鎌仲 地形的には本土側にある細長い島の湾なのですが、海中から淡水が湧き出て特別な海藻が繁殖している海域です。そういったところを“藻場”といい、魚が集まって産卵し、稚魚が育つ生態系に不可欠な場所なんです。日本生態学会も中国電力に対して反対の声を上げています。そこは瀬戸内に残された最後の環境であり、原発によって瀬戸内海全体の生態系が破壊されかねないと警告しているんです。しかし、中国電力は「そんなことはない」と認めていません。

三原 山口県知事も埋め立てを認めたんですよね。
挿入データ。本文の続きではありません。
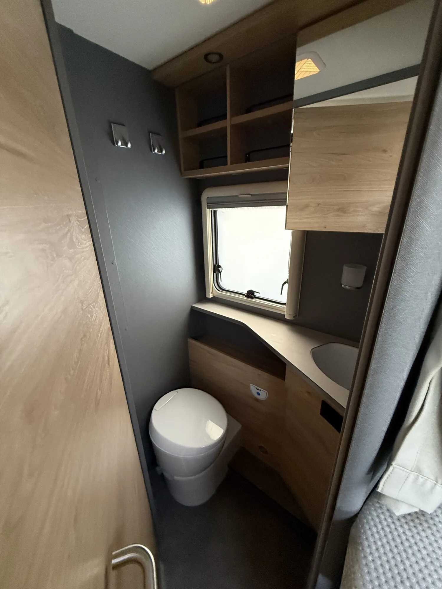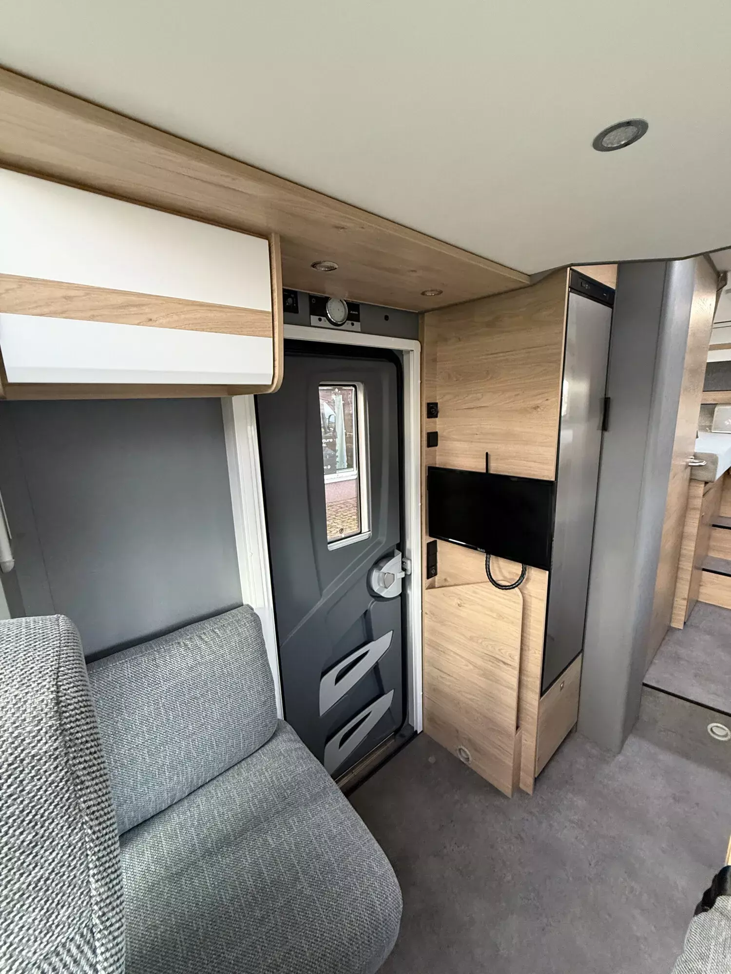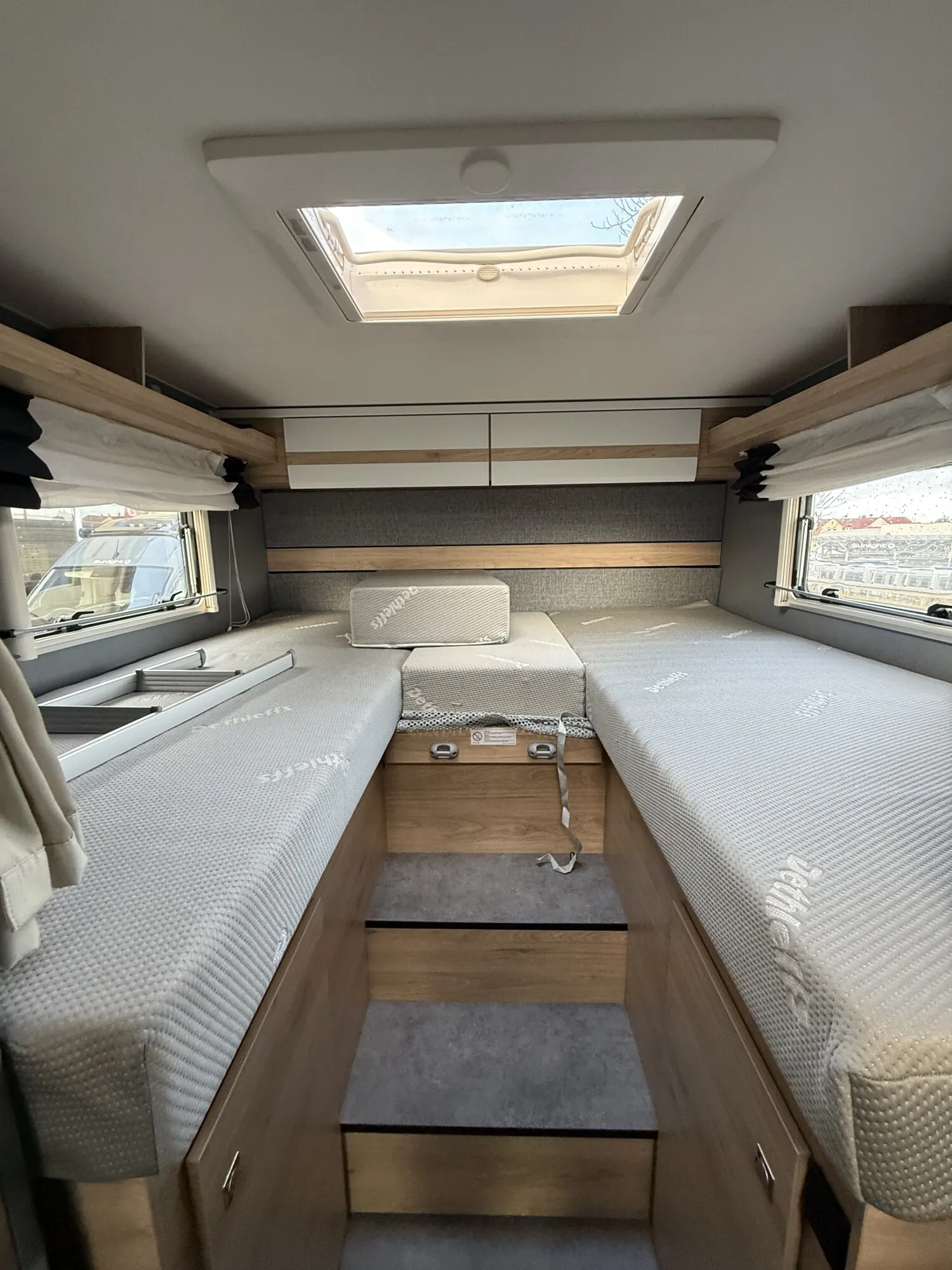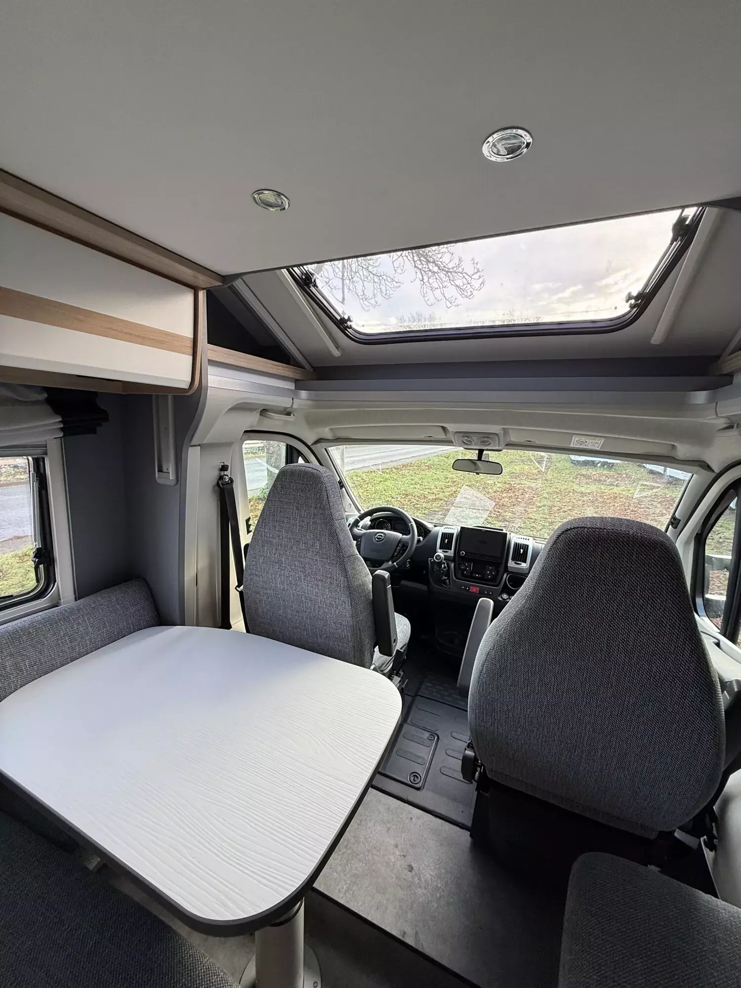 - Family-Paket T 7052 DBM (Ausstellfenster in der T-Haube, Wohnraumtür mit Fenster inkl. Verdunkelung und Zentralverriegelung (inkl. Fahrerhaustüre), Verdunklungsjalousien im Fahrerhaus, Panorama-Dachhaube 70 x 50 cm im Wohnraum, Light Moments: Indirekte Ambientebeleuchtung über den Dachstauschränken, Light Moments: Indirekte Wandflächen-Ambientebeleuchtung, Stauraum-Türe links, Gemütliche L-Sitzgruppe mit freistehendem, absenkbarem Tischfuß und 2 integrierte 3-Punkt-Gurte)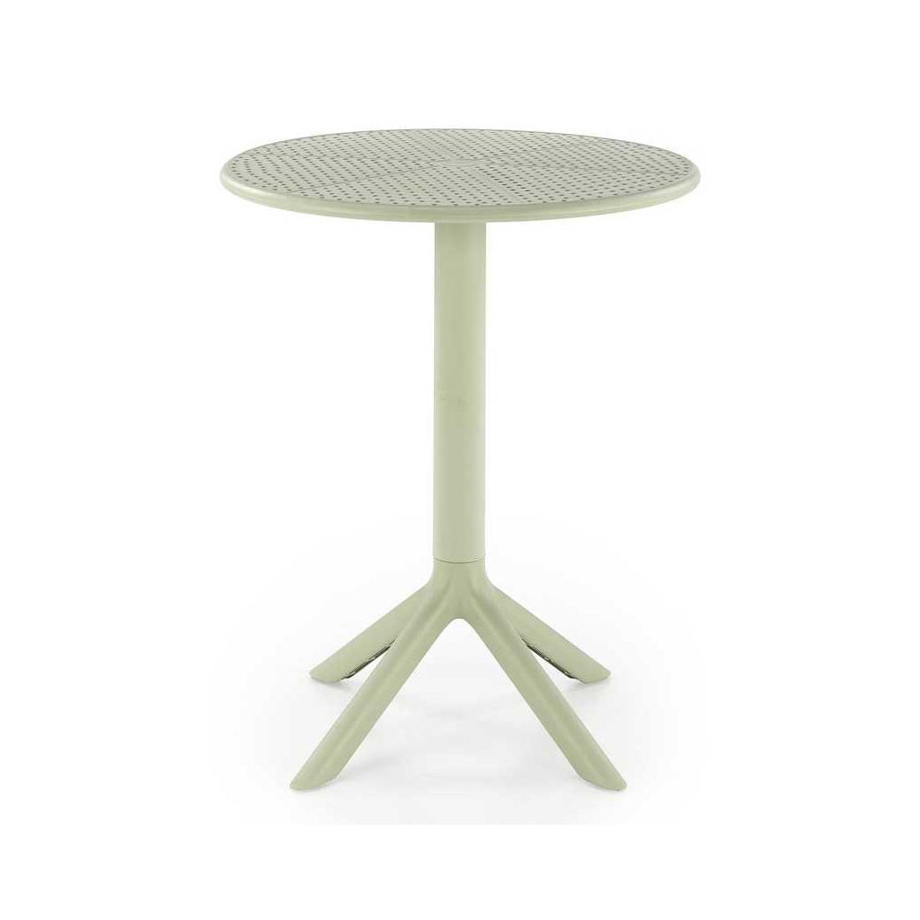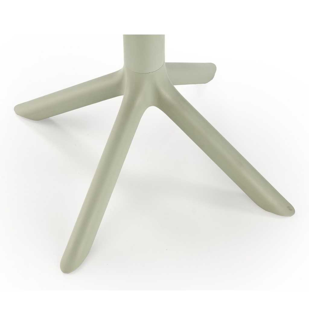Kulatou horní desku i podnož tvoří pevný plast. Tento materiál je známý svou dlouhou životností, odolností a v neposlední řadě také velmi snadnou údržbou. Stačí pár tahů vlhkým hadříkem a stůl je opět jako ze škatulky. Hodí se i pro venkovní použití.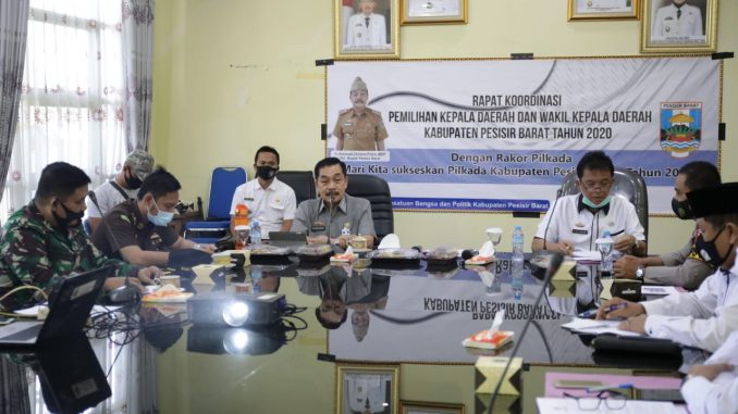 Pesisir Barat, wartasindo.com —- Pjs. Bupati Pesisir Barat, Achmad Chrisna Putra memimpin Rapat Koordinasi pemilihan kepala daerah dan wakil kepala daerah Kabupaten Pesisir Barat, bertempat di Ruang Batu Gughi Pemerintah Kabupaten Pesisir Barat, bersama Kapolres, Dandim, KPU, Bawaslu, OPD terkait dan perwakilan partai pendukung, Rabu (30/09/2020).
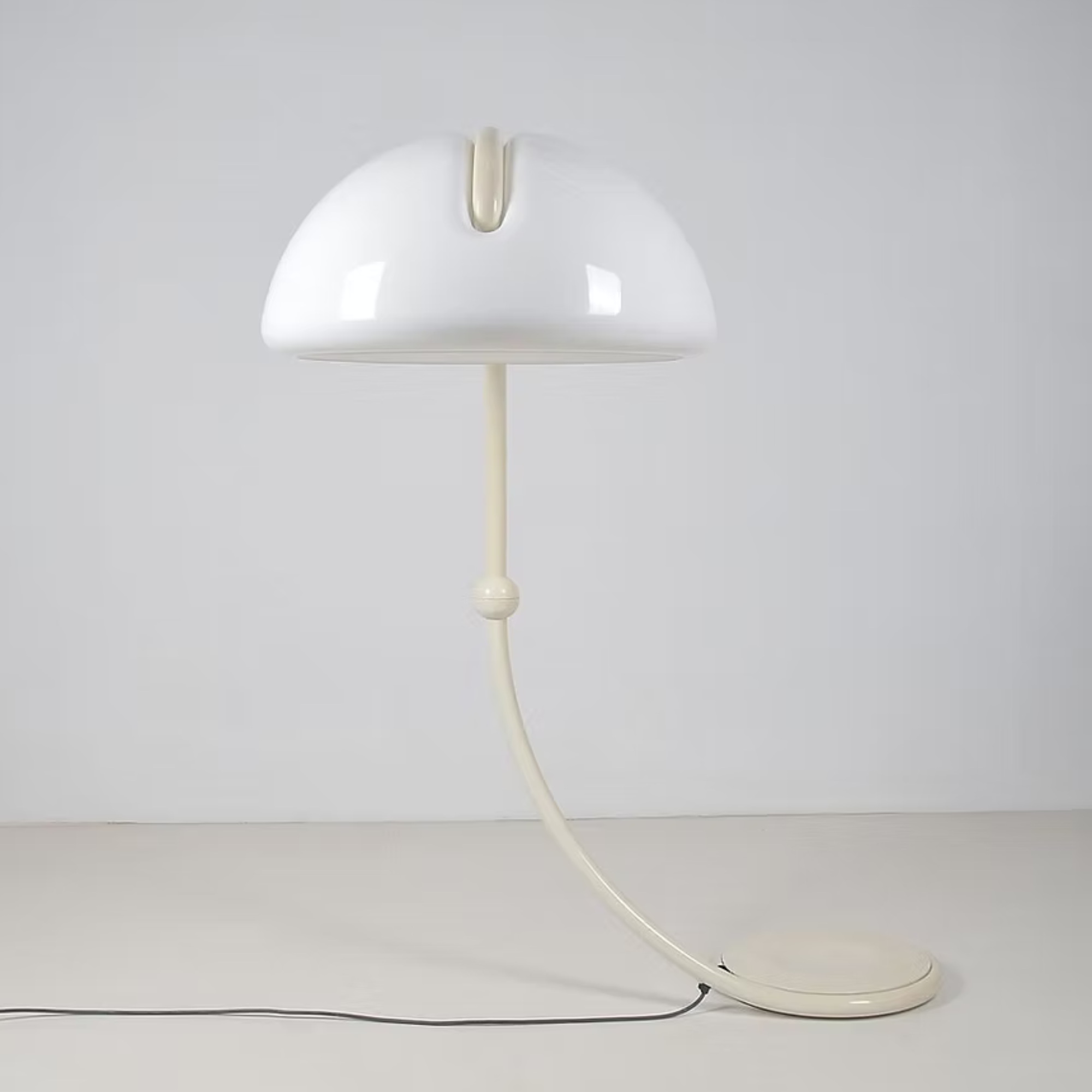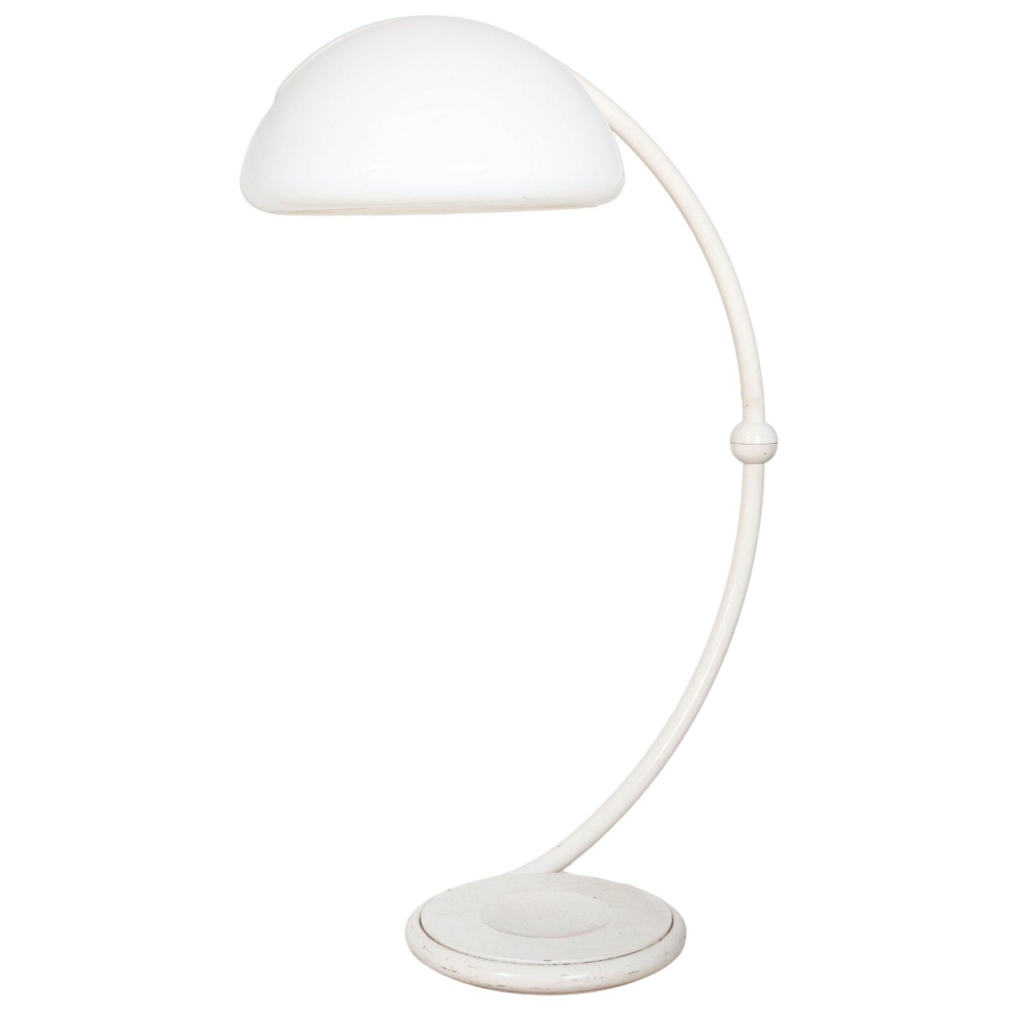 A classic of 1960s Italian design, it features a molded white acrylic dome shade and lacquered metal body—futuristic then, timeless now.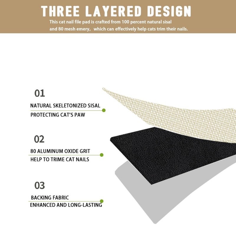 - LAYERED CAT SCRATCH PAD DESIGN: Top netted sisal protects paws, middle 80-grit emery naturally files nails, and reinforced backing boosts stability. This cat scratcher that files nails prevents abrasion while maximizing scratching satisfaction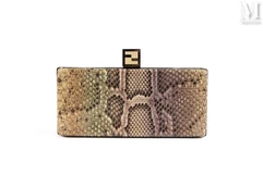 Un sac à main Fendi modèle Peekaboo, grand format en python gris avec garniture en métal doré et fermoir pivotant siglé, trouve preneur pour 2 500 euros. Ce modèle comprend une anse et deux compartiments intérieurs. La peau de python est une espèce dont le commerce est aussi soumis aux règles de la CITES (Annexe IIB).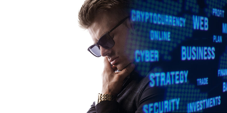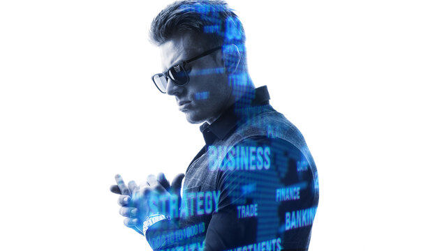 Double exposure portrait of guy on white background. Man in classic suit. Cryptocurrency, finance, business, innovative ideas concept. Futuristic holographic interface to display data.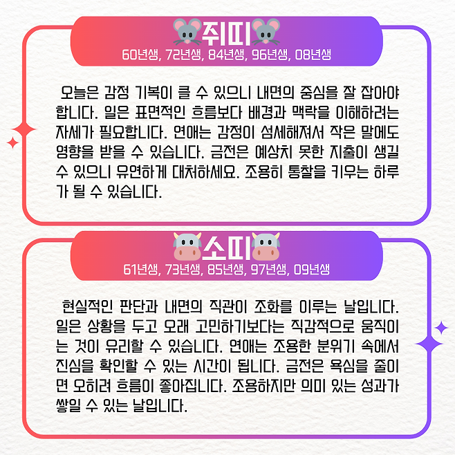 [오늘의 운세] 2025년 10월 9일 목요일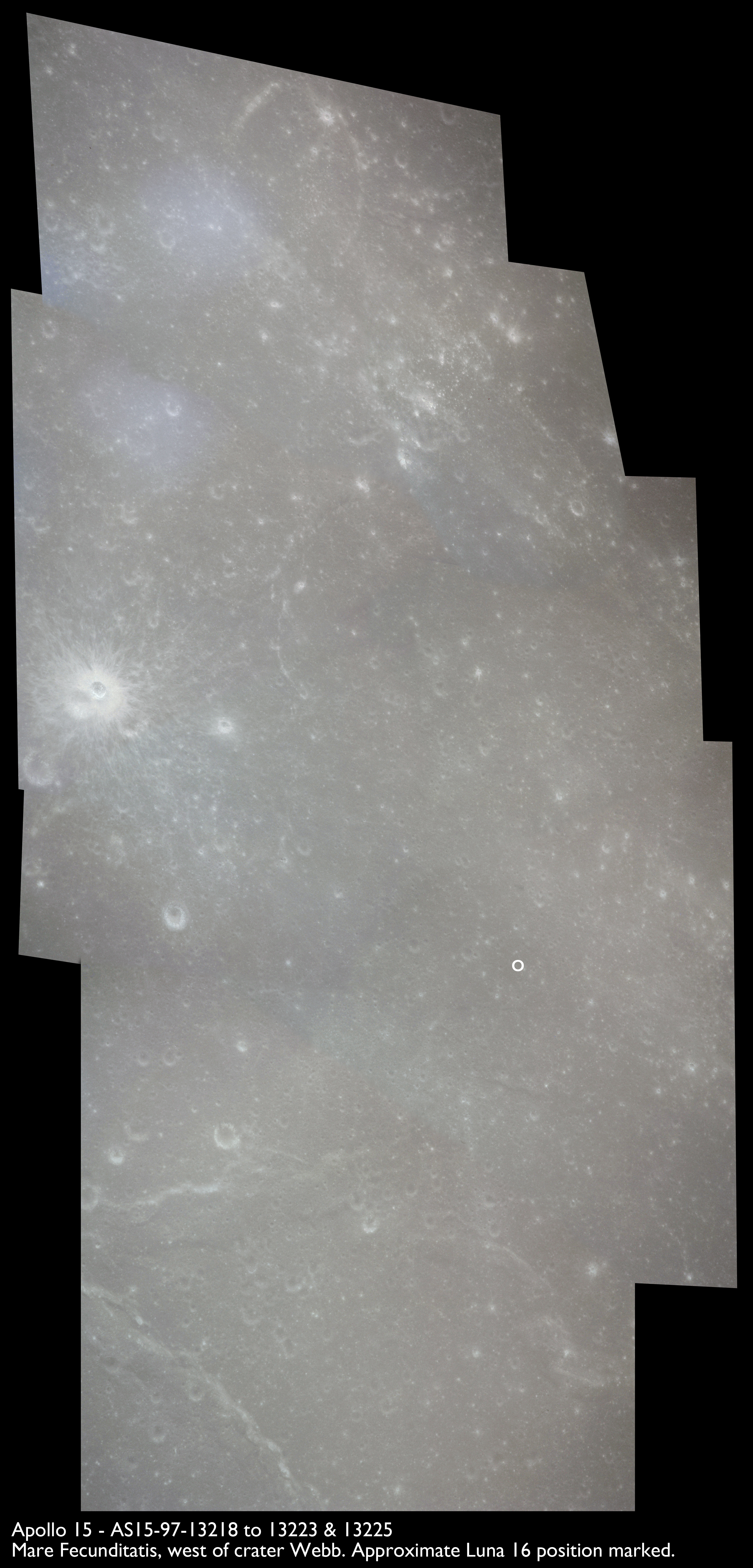 The photography now looks northwest across Oceanus Procellarum. Of much interest to lunar geologists before Apollo were the "special features", odd landforms that were outside the ordinary when looking at the Moon. Only later would the collective mind of science realise that much of the important story of the Moon can be deduced by looking at the big picture - the maria, basins and terra - and the impacts that modelled them. Mons Rümker, seen among the next three frames, AS15-97-13251 to 13253, is an example of a special feature. It is a collection of low volcanic domes in the northern regions of Oceanus Procellarum named after a German astronomer Karl Ludwig Christian Rümker, 1788-1862.

地元の人々と行政との話し合いはなかったんですか?

鎌仲 建設予定地である上関町が町議会を開き、私も撮影に行ってきました。当日は傍聴するために250人も町人が、特に反対している祝島から集まったのですが、会場には傍聴席が20席しか用意されていなかったんです。残りの230人は「廊下でもいいから聞きたい」と詰め寄ったのですが、結局閉め出されてしまいました。さらにNHKなど他のメディアも取材に来ていたんですが、私だけ退場させられてしまったんです。

三原 行政側はまったく話をしたがっていないということですね。話し合いをしているという事実を建前上だけ繕っているように感じます。

鎌仲 祝島の人たちは、なぜ原発を建ててほしくないかといった自分たちの思いが伝わらないことに対する、フラストレーションにも苦しんでいます。その一方で着々と計画は進んでいく。建設予定地は祝島の目と鼻の先であり、居住地の真っ正面に位置しています。つまり原発を見ながら生活しなければならず、なにか事故があったときには逃げようがない場所なんです。

三原 なぜそんな場所に建設が決まったんですか?

鎌仲 上関町には情報公開条例がないんです。そういった条例がない町は日本全国で現在9つしかなく、そこを狙い撃ちしたのでしょう。地質的な条件などよりも、行政の影響力が強かったり、過疎化して収入がないような町を狙うようです。柏崎の刈羽原発だって、地質的に地盤は脆弱なんですよ。

Profile
鎌仲ひとみ

1958年富山県氷見市生まれ。早稲田大学卒業後、1984年にドキュメンタリー作品を中心に手掛ける映像制作会社のグループ現代と助監督契約。1987年には岩波映画製作所などと助監督契約を結び、1990年から文化庁芸術家海外派遣助成金を受け、カナダ国立映画製作所で3年間研修。その後ニューヨークへ渡り、メディア・アクティビストとして活動する。1995年に帰国してフリーの映像作家となり、テレビ番組やビデオ作品、映画など数々の作品を製作。代表作は『HIBAKUSHA 世界の終わりに』(2003年)、『六ヶ所村ラプソディー』(2006年)。新作の長編ドキュメンタリー映画『ミツバチの羽音と地球の回転』(仮題)は2009年秋に完成予定。